The exact lines from the start of the material below through the line holding "Calendario have 3" are the answer; return those, pictures excluded.

§ **Information provided**:
"""
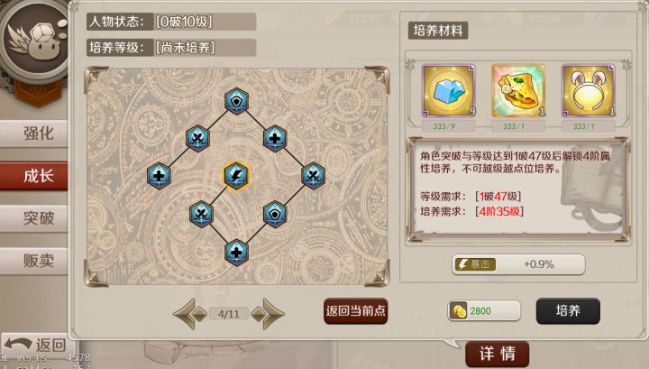 关于成长培养系统22级开放,随着培养进程推进,需要更高的人物等级和突破阶段才能继续培养属性培养主要消耗的道具能量材料:主要通过分解、合成多余的装备、幻兽、材料获得黄金料理:主要通过把普通料理合成为高级的黄金料理获得礼物材料:主要通过掉落和好友送礼获得黄金料理的合成素材,礼物等也有每日礼包出售培养系统适合高等级有积累的玩家追求,初期效果不明显但累计效果可观培养槽大致区分战士、辅助
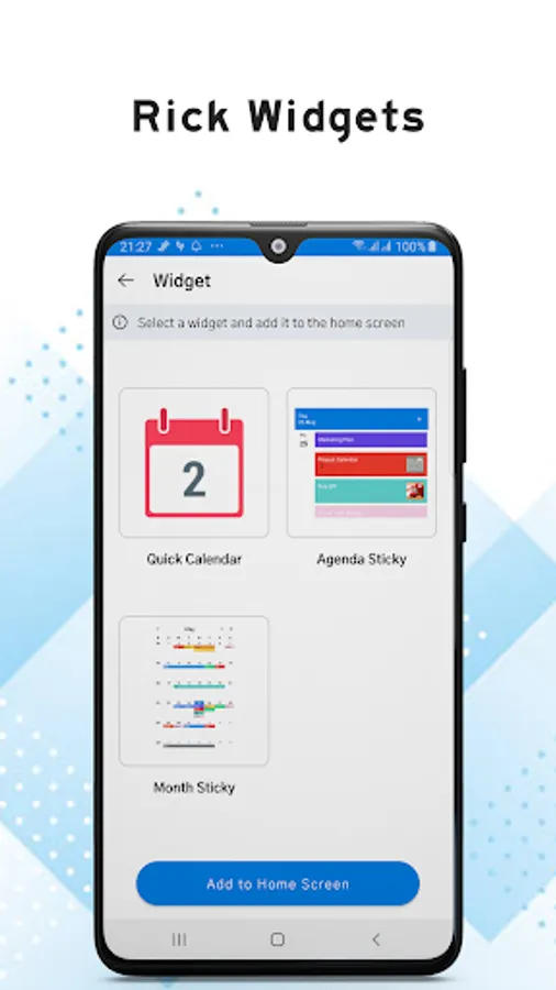 Calendario have 3 types of widgets: Quick Calendar, Agenda Sticky, Month Sticky. You can easily create events, view to-do lists right at the home screen.
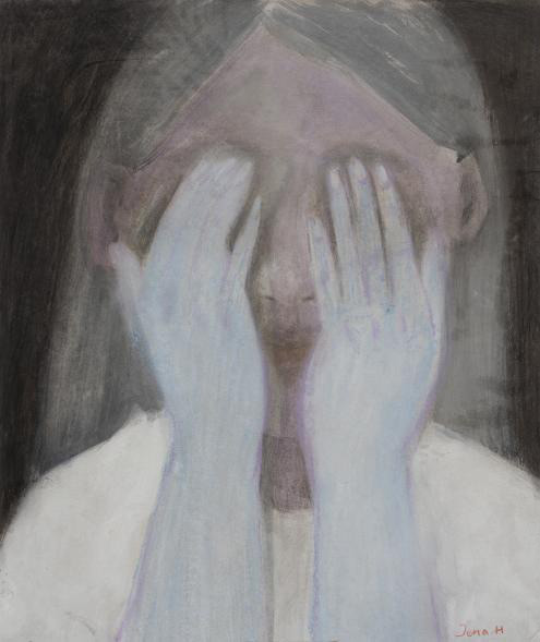 黃珺楠的《It Is Hard to Say》系列(2023—2024)以其獨特的水彩與粉筆技法在紙板上展開了一場關于內在凝視與自我表達的深刻探索。這一系列作品不僅展現了藝術家對自身情感的細膩挖掘,更通過視覺語言的形式,超越了語言的局限,揭示了人類心理狀態的復雜性與多變性。
"""
§ **Written answer**:
 关于成长培养系统22级开放,随着培养进程推进,需要更高的人物等级和突破阶段才能继续培养属性培养主要消耗的道具能量材料:主要通过分解、合成多余的装备、幻兽、材料获得黄金料理:主要通过把普通料理合成为高级的黄金料理获得礼物材料:主要通过掉落和好友送礼获得黄金料理的合成素材,礼物等也有每日礼包出售培养系统适合高等级有积累的玩家追求,初期效果不明显但累计效果可观培养槽大致区分战士、辅助
 Calendario have 3 types of widgets: Quick Calendar, Agenda Sticky, Month Sticky. You can easily create events, view to-do lists right at the home screen.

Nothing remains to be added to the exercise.